In some examples of the present invention, the method comprises: sending a request regarding options for authentication by the unit, to the unit; receiving a response comprising information regarding the options for authentication by the unit. In some examples, the response comprising the information regarding the options for authentication by the unit, comprises, for example only, the information regarding the options for authentication by the unit, or the response represents the information regarding the options for authentication by the unit.

In some examples of the present invention, the method comprises: sending fourth information, which makes it possible to verify an authenticity of the terminal device, to the unit; receiving fifth information, for example from the unit, for example for verifying an authenticity of the device. For example, the fourth information may comprise a certificate or a signature of a further unit of the communication system, for example a network unit for the communication system, for example for a core network, or information signed by such a network unit. For example, the fifth information is or comprises challenge information for a challenge-response process between the unit for the subnet and the device, e.g., terminal device.
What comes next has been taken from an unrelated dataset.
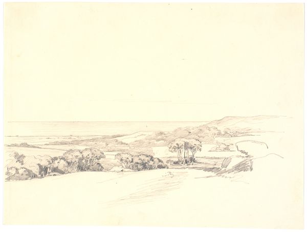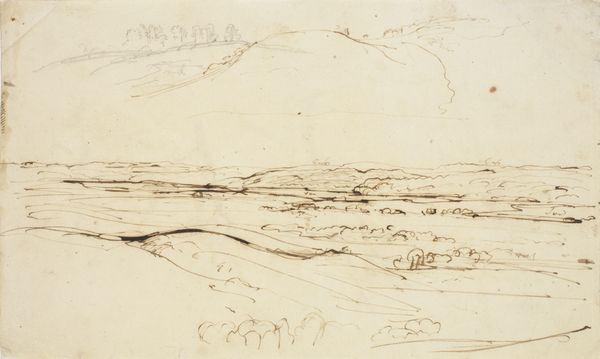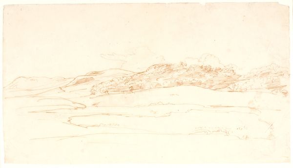 Dankvart Dreyer made this landscape study with pen and brown ink, using paper as his support. The strokes vary from light to heavy, with thin lines depicting clouds. The process of drawing, direct and immediate, creates an intimate connection between the artist and the landscape, resulting in a scene that feels both observed and interpreted. Drawing has historically been seen as a preliminary medium, a sketch for a larger work. Dreyer's choice to create a finished piece using these materials challenges the hierarchy between sketch and finished painting. The simplicity of the materials highlights the artist's skill and the work involved in capturing the essence of the landscape. The pen lines create form, depth, and texture, all with minimal means. This work celebrates the beauty and power of the landscape through the simple, yet skilled, act of drawing. It reminds us that the value of art lies not only in the complexity of its materials but also in the artist's vision and the labor invested in its creation.

In some examples of the present invention, the method comprises: generating sixth information based at least on the fifth information and a private key associated with the device, e.g., terminal device; sending the sixth information to the unit. For example, the sixth information is response information for the challenge-response process mentioned as an example in the previous paragraph.

In some examples of the present invention, the method comprises: using the subnet, for example based on configuration information or the configuration information for the subnet; and, optionally, exchanging information by means of the subnet.

In some examples of the present invention, the method comprises: requesting key information, for example characterizing a public key, for encrypting information to be sent to at least one other unit (e.g., the unit for the subnet and/or the network unit); receiving the key information. For example, the device may request and/or receive the key information from the network unit, for example via a direct data connection (e.g., via a Uu interface) to the network unit, or via the control unit for the subnet.

In some examples of the present invention, the method comprises: generating an asymmetric key pair; optionally, encrypting an identification associated with a public key of the asymmetric key pair; sending a request to sign the public key, for example together with the optionally encrypted identification, to at least one other unit, for example a network unit, for example of a core network; receiving a response, e.g., in the form of a certificate, to the request; and, optionally, using at least parts of the response, e.g., the certificate, for authentication, for example for the subnet, for example to the control unit for the subnet, for example if a network unit, for example of the core network, is not reachable, for example at least temporarily.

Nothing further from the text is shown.